Here are some myths and their contrasting facts to help you understand the positive impact of a coalition government on the economy:
Myth 1: Reduced market returns
It is a common myth that the stock market collapses if a coalition government is formed. However, historical data says otherwise. A coalition government was formed in 2004 and ruled until 2009, when Congress was the biggest party with 145 seats. In contrast to the myth, the stock market rose by a staggering 115%. Furthermore, with UPAs second term from 2009-2014, Nifty doubled in its value.
Myth 2: GDP growth slows down
Another common myth is that if a coalition government is formed, GDP growth will slow down. GDP (Gross Domestic Product) is the total monetary value of all goods and services produced in India over a specific period. If you look at the historical GDP values during UPA 1 (2004-2209), the GDP growth was over 8%. On the other hand, the GDP growth was 7.5% during the next coalition government of the UPA (2009-1014). Although other market factors affect the GDP growth in India, the last 15 years have shown that the impact of a coalition government has been positive for the Indian economy.
Myth 3: There are no reforms
A common myth that arises after a coalition government is formed is that a coalition government does not pass new reforms as there is always a conflict between multiple parties and their leaders.
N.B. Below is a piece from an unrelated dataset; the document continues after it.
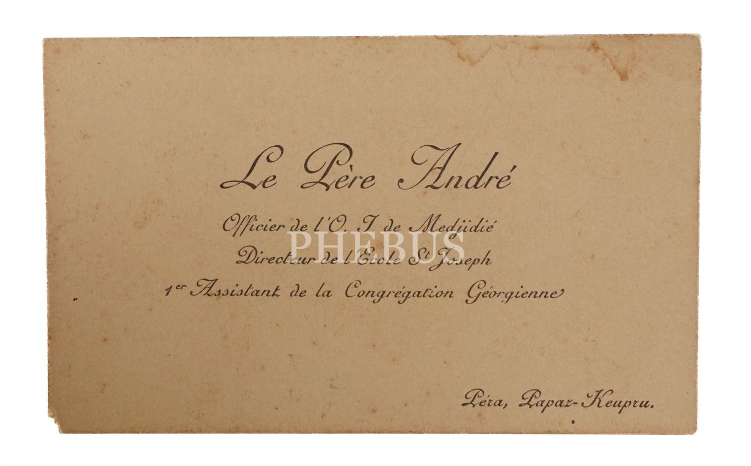 Gürcü Cemaati memurlarından Le Pere Andre´ye ait kartvizit, Pera, Papaz-Keupru adresli, 10x6 cm...

Every coalition government in India has passed a major reform, starting from the 1991 liberalisation policy by the then Finance Minister Manmohan Singh. This reform is considered the most impactful in taking India to its current economic position. Furthermore, the current taxation system was passed by a coalition government in 1998. Lastly, the NDA government, under the leadership of Narendra Modi, passed unprecedented reforms such as demonetisation and GST, which have shaped India's current economic environment.
Myth 4: Businesses earn less
One of the most considerable myths about the formation of a coalition government is that business earnings are negatively impacted. However, the historical data on how Nifty has performed during coalition governments says otherwise. During UPA 1, Nifty rose at a CAGR of 18%, while during the UPA 2 term, it rose by 10%. Furthermore, corporate earnings witnessed double-digit growth under both coalition governments.